Not the Elysium, which is a far older matter and dates back to the year 2000 at least — I think, I wasn’t there for the start — it began as a try to make a more Epic version of a bootleg Finnish D&D system while Robert was still a teen, and at first, it was called “Evermier”. Dwarves and elves, it did have. I believe there was some kind of a PnP campaign in that setting as well, but I didn’t make it to that. Most of the engagement was about system-building. The wizard book was supposed to have 350 spells altogether, each with at least half a page story about the spell, in prose. I think about a healthy third of the mage book got done in the end. The name change to Elysium happened before we got rid of the dwarves and the elves, and was in fact suggested to Robert by some fellow on the dragon.ee D&D and LARP forum, but it took him about half a year to sink in and be taken seriously.

In the ‘humanized’ Elysium, three campaigns took place — the Soul Milton’s world autumn campaign, the Riget campaign and the Torson & McLaine campaign.

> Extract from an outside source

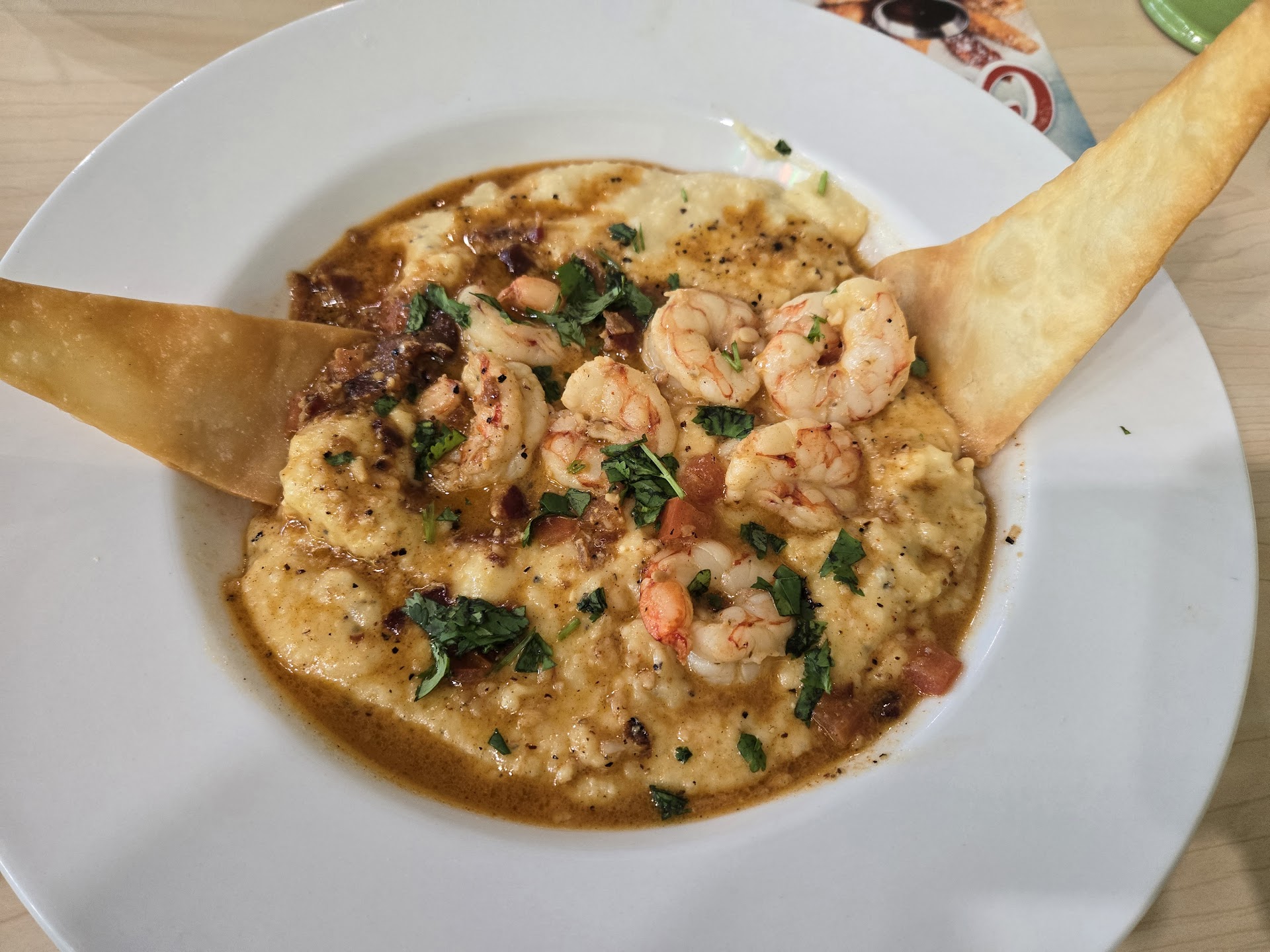 Food 6/10: The presentation of the food was amazing, everything looked absolutely perfect like it was out of a magazine. We ordered the shrimp and grits. The Taste was ok, they were seasoned well (a bit too much in spots). The grits we received were very lumpy. It's fine to see a lump or two but our entire meal was lumpy (10-12 lumps per plate). I don't know if this was just a bad batch but either way this was my first experience. The shrimp on top of the grits were lackluster. They didn't appear seared or anything, they tasted like they were warmed and put on top last minute. A bit disappointed because the taste didn't match up with the appearance. Next, I ordered a side of blueberry doughnuts 6.5/10. They looked amazing as expected. They tasted like blueberry cake doughnuts which is good but they were a bit dry. I know they were deep fried but I wish they didn't taste so dry on their own. Maybe my batch cooked too long. The blueberry sauce that came with it wasn't as expected. It tasted like store bought jar sauce and was served at room temp. Maybe warming it would help but definitely didn't taste homemade unfortunately. Note: the shrimp and grits have cilantro sprinkled on top which I dislike. If you aren't a fan of cilantro then be sure to tell the waiter. I didn't subtract this from the rating but would have wanted it without it. The waiter didn't return in time as I mentioned before so I worked around it and took off as much as possible.

None of these were played to the end, and I would say from memory that they took place during the years 2003–2006, maybe 2004–2006 — the first two were played at Robert’s old place at the concrete block project at Mustamäe, the third one at my place, which was my dad’s place, later we all went to live there when dad died, which I think was also in 2006. This place was in something of a mixed-income suburb. My mom has written a whole book on roughly these times, while placing it in fantasy Poland. One can at the moment listen to 13 chapters of it here: FAKE POLAND — YouTube

By that time, Robert had developed a rather foolproof way of game mastering, which largely consisted of 1) knowing what the story is and 2) knowing the dice, the charsheets and what should or should not be easy to do. I’d say he was very good at this stuff — maybe even too good, as me and Argo, the main players, were good as actors, meaning, at playing the roles, but much worse at figuring out what it is that we are supposed to do at a given moment. But we mostly played roles of fools and children and people who had lost their memory, so it was about fine (the Riget campaigns were literally about a whole bunch of children that went treasure-hunting but were trapped underground by demons that were themselves *also* trapped underground, but wanted to get out, I think they needed the children as vessels. A rather Lord of the Flies type endeavor. Now some of you might want to know whether demons still exist in the Elysium world in some way or form, I’m going to leave it hanging).

When my dad died, I got an inheritance about 1 000 000 kroons in size, which translates to approximately 65 000 euros, and various critics have said that I did nothing useful with it, with which I would disagree. I would say I invested it in true and lasting luxuries, which are the fruits of human thought. Me, Argo and Robert could live without financial worry at my dad’s place for about 2 years — I also supported various other close individuals — and during that time, Robert wrote the first half of “Sacred and Terrible Air” and published Ultramelanhool’s second album, “Materjal”. At the brink of the inevitable commune collapse, the ZA/UM blog and organization were founded — that was in late 2008.

It would seem that blogging was hard work, as Sacred and Terrible Air was only published in 2013, and could be described as a ‘critical hit but a commercial failure’. For Robert, that wanted an actual audience ‘like they do abroad’, it was of course a blow — although for me it remains a mystery whether anyone has ‘actual audience’ here — actual readers, sure, but an audience? Anyhow, that led to experimentation with other forms, which eventually did find an audience.


The rest is, as they say, History, but one that will be told on another day.